[Collection entries]
--- START ---

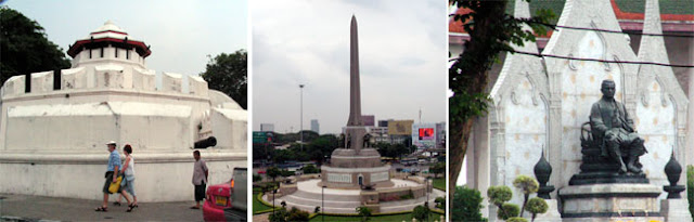 The attractions besides the main roads (From left): Phrakan Fortress, Victory Monument, and Statue of the King.
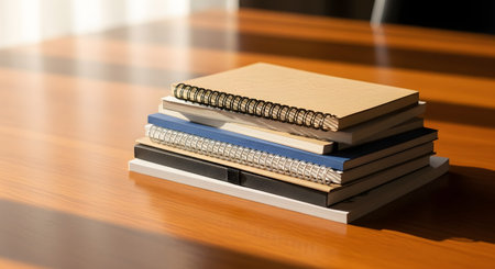 A neat stack of various spiral and bound notebooks resting on a polished wooden table. Sunlight casts soft shadows across the books, suggesting an academic, creative, or business setting ready for work or study.
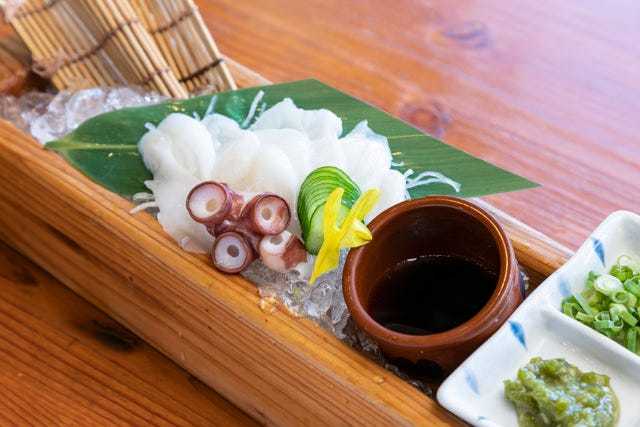 用芥末泥和芥末末调制的章鱼料理。
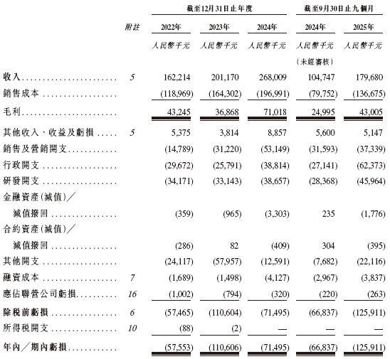 招股书显示,在过去的2022年、2023年、2024年和2025年前九个月,翼菲智能的营业收入分别为人民币1.62亿、2.01亿、2.68亿和1.80亿元,相应的净亏损分别为人民币0.58亿、1.11亿、0.71亿和1.26亿元。
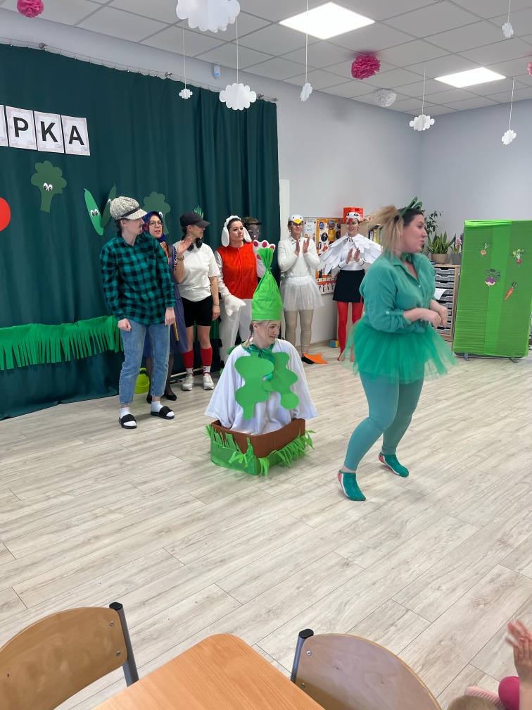 Z okazji Międzynarodowego Dnia Teatru dzieci miały okazję uczestniczyć w wyjątkowym przedstawieniu pt. Rzepka, które zostało przygotowane przez ciocie. Pełna humoru inscenizacja wciągnęła małych widzów w świat wiersza Juliana Tuwima, ucząc ich współpracy i radości z wspólnego działania. Barwne stroje, zabawne dialogi i zaangażowanie aktorów sprawiły, że spektakl dostarczył wszystkim wielu emocji i niezapomnianych wrażeń!
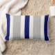 Travesseiro lombar cinzento do desenhista da listra dos azuis marinhos & do branco feito no presente de América de zazzle.com/americanmademojo*.
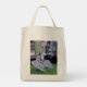 The printing came out very well, better than I had anticipated. The natural color fabric is sturdy with strong seams and comfortable handles. This tote fits easily over my shoulder. As it is filled, the bottom flattens out--very cool! I would buy this product again. This grocery tote holds a lot of groceries! The image quality was very good. The colors were a little darker than I had expected. The darkness may have been due to printing on a natural color fabric rather than on white. The cat design is attractively centered on the tote. The spirit of the design is very lively, just as it appears on the Zazzle website.
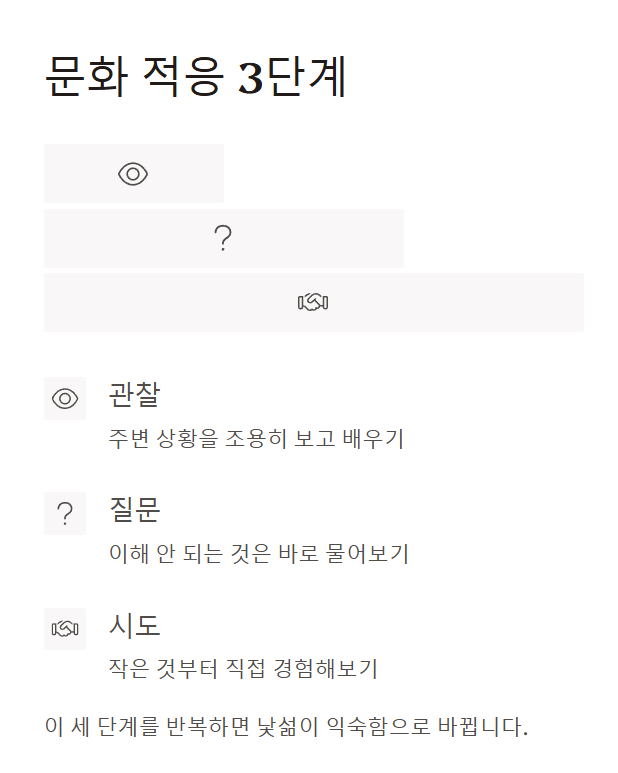 문화 적응 3단계 전략
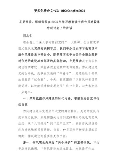 【七哥公文】2025年:县委常委、组织部长在2025年学习教育读书班作风建设集中研讨会上的讲话+更多免费公文+VX:QiGeGongWen2024+更多免费公文+VX:QiGeGongWen2024

--- END ---

To do:
Each entry above should be restated word for word, though no picture may appear in the copy.

Answer section:
 The attractions besides the main roads (From left): Phrakan Fortress, Victory Monument, and Statue of the King.
 A neat stack of various spiral and bound notebooks resting on a polished wooden table. Sunlight casts soft shadows across the books, suggesting an academic, creative, or business setting ready for work or study.
 用芥末泥和芥末末调制的章鱼料理。
 招股书显示,在过去的2022年、2023年、2024年和2025年前九个月,翼菲智能的营业收入分别为人民币1.62亿、2.01亿、2.68亿和1.80亿元,相应的净亏损分别为人民币0.58亿、1.11亿、0.71亿和1.26亿元。
 Z okazji Międzynarodowego Dnia Teatru dzieci miały okazję uczestniczyć w wyjątkowym przedstawieniu pt. Rzepka, które zostało przygotowane przez ciocie. Pełna humoru inscenizacja wciągnęła małych widzów w świat wiersza Juliana Tuwima, ucząc ich współpracy i radości z wspólnego działania. Barwne stroje, zabawne dialogi i zaangażowanie aktorów sprawiły, że spektakl dostarczył wszystkim wielu emocji i niezapomnianych wrażeń!
 Travesseiro lombar cinzento do desenhista da listra dos azuis marinhos & do branco feito no presente de América de zazzle.com/americanmademojo*.
 The printing came out very well, better than I had anticipated. The natural color fabric is sturdy with strong seams and comfortable handles. This tote fits easily over my shoulder. As it is filled, the bottom flattens out--very cool! I would buy this product again. This grocery tote holds a lot of groceries! The image quality was very good. The colors were a little darker than I had expected. The darkness may have been due to printing on a natural color fabric rather than on white. The cat design is attractively centered on the tote. The spirit of the design is very lively, just as it appears on the Zazzle website.
 문화 적응 3단계 전략
 【七哥公文】2025年:县委常委、组织部长在2025年学习教育读书班作风建设集中研讨会上的讲话+更多免费公文+VX:QiGeGongWen2024+更多免费公文+VX:QiGeGongWen2024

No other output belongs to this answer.